As recounted in Starting Over, La Toya was so breathtakingly naive that when a friend and business associate of the Jackson family named Jack Gordon asked her out for lunch and told her to bring money, she brought a thousand dollars and slid it to him under the table. Gordon wasn’t asking for a loan or an investment. He was simply ballsy enough to flat-out ask for money from someone he barely knew, and La Toya was too naive to realize that you don’t have to give someone money just because they ask for it.
La Toya kept bringing thousands of dollars to their lunches, and Gordon waged a long and successful campaign to win over the Jacksons. La Toya eventually switched managers from her father to Gordon, and then married him in 1989, substituting one glowering, controlling, physically abusive father figure for another.

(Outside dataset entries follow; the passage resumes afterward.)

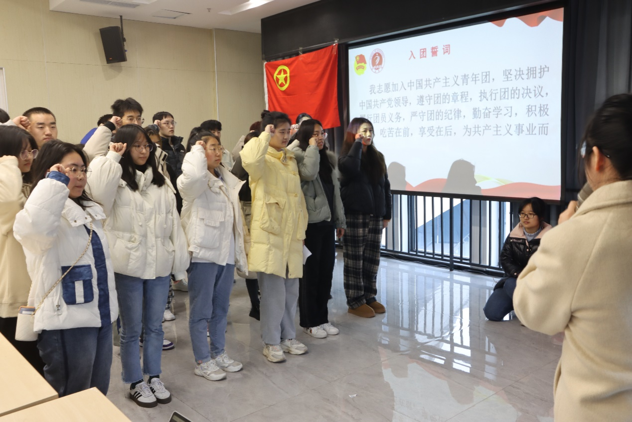 “我们是五月的花海,用青春拥抱时代”。新老团员们以激昂的歌声唱出心中自豪与担当,他们表示将在今后的学习生活中进一步明确团员义务,勤学致知,踔厉奋发,砥砺前行,不断争做新世纪的优秀青年团员,为实现中华民族的伟大复兴贡献青春力量,努力谱写出更加壮丽的青春之歌。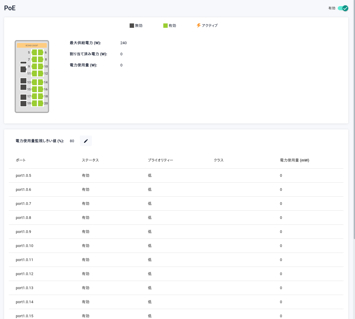 | 無効・有効スライドボタン | システム全体でPoE給電機能の無効・有効を切り替えます |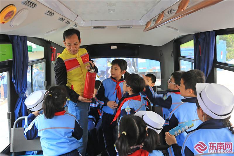 了解公交车上安全锤、灭火器位置(思明交警大队供图)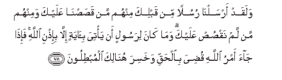 78. Walaqad arsalna rusulan min qablika minhum man qasasna AAalayka waminhum man lam naqsus AAalayka wama kana lirasoolin an ya/tiya bi-ayatin illa bi-ithni Allahi fa-itha jaa amru Allahi qudiya bialhaqqi wakhasira hunalika almubtiloona

Gordon beat La Toya relentlessly, stole her money, and kept her a prisoner in a gilded cage.
Gordon had a background in brothels; he was literally a pimp intent on prostituting La Toya’s modest talents for every last penny. He arranged a lucrative Playboy photo shoot, and La Toya was so naive that when she showed up on the set, the first question she asked was where they were keeping all the nightgowns she’d be modeling. According to the book, La Toya had no idea she’d been asked to pose naked. As a devout Jehovah’s Witness, she was never even allowed to look at a Playboy, let alone be its star attraction.

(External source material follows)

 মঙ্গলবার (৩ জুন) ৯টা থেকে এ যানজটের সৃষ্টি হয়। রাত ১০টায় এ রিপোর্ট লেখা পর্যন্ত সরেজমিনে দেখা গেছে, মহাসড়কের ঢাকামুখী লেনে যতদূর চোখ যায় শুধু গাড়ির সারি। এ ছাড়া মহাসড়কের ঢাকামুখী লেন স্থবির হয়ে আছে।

Gordon just kept on pushing. Every time La Toya felt she’d reached a new low, a trapdoor opened and she plummeted even further. Playboy at least had prestige. It’s where classy women exposed their vaginas. Gordon’s next few business ventures were on the seedier side. He famously had La Toya pimp a psychic-advice hotline in which she promised to spill Jackson family secrets. She hosted something called Exotic Club Tour. She shot a second Playboy spread and, as part of a multimedia assault, a Playboy home video while she was at it. (In a much less sordid but equally brazen move, Gordon tried to transform La Toya from a generic R&B never-was to a country crooner with the ill-fated 1994 album From Nashville To You. I would love to read more about these seamy endeavors, but La Toya glides right past them because they don’t fit the two themes of the book: overcoming her dead ex-husband and manager’s abuse and seeking justice for Michael Jackson.)

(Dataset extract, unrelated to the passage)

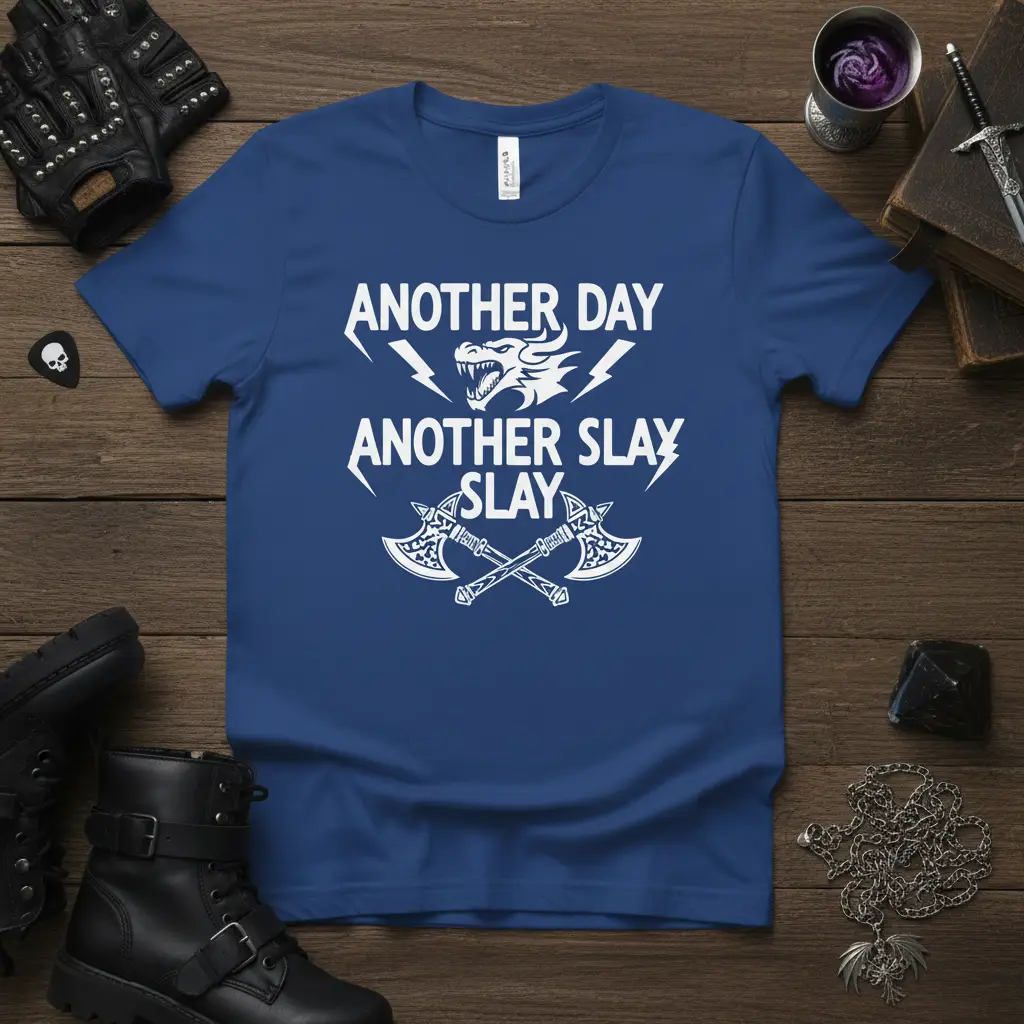 Pick from Black, Navy, Royal, Dark Heather, Red, and White to match your mood and wardrobe staples. Each colorway keeps the Another Day Another Slay Slay design clear and photo-ready for everyday wear.

When La Toya compares Gordon to Satan, she’s not waxing hyperbolic. She claims that she flew to Israel to deliver a press conference loudly proclaiming Michael Jackson’s innocence when he was accused of sexual abuse in 1993, only to discover that the speech Gordon had given her to read instead loudly condemned her brother as a pedophile. Why didn’t La Toya just stick to her original sentiments? By that point, she’d been brainwashed, manipulated, abused, and confused to such an extent that she was perhaps incapable of free will.
La Toya finally mustered up the courage to leave her svengali after he tried to pressure her into fucking four dudes on camera for a multimillion-dollar payday. Upon leaving him, she had to start from scratch, her reputation in ruins. Then something happened. That something was 9/11. La Toya writes in Starting Over:
My grief and uncertainty made me feel the need to connect with others, and I found myself on several of my siblings’ websites. This was the first time I had gone to any of these pages, but something told me to see what the fans were saying in this moment of communal grief. I was surprised to find the same message, again and again: “What happened to La Toya? We haven’t heard from her in years! Is she still alive? She needs to write a 9/11 song.”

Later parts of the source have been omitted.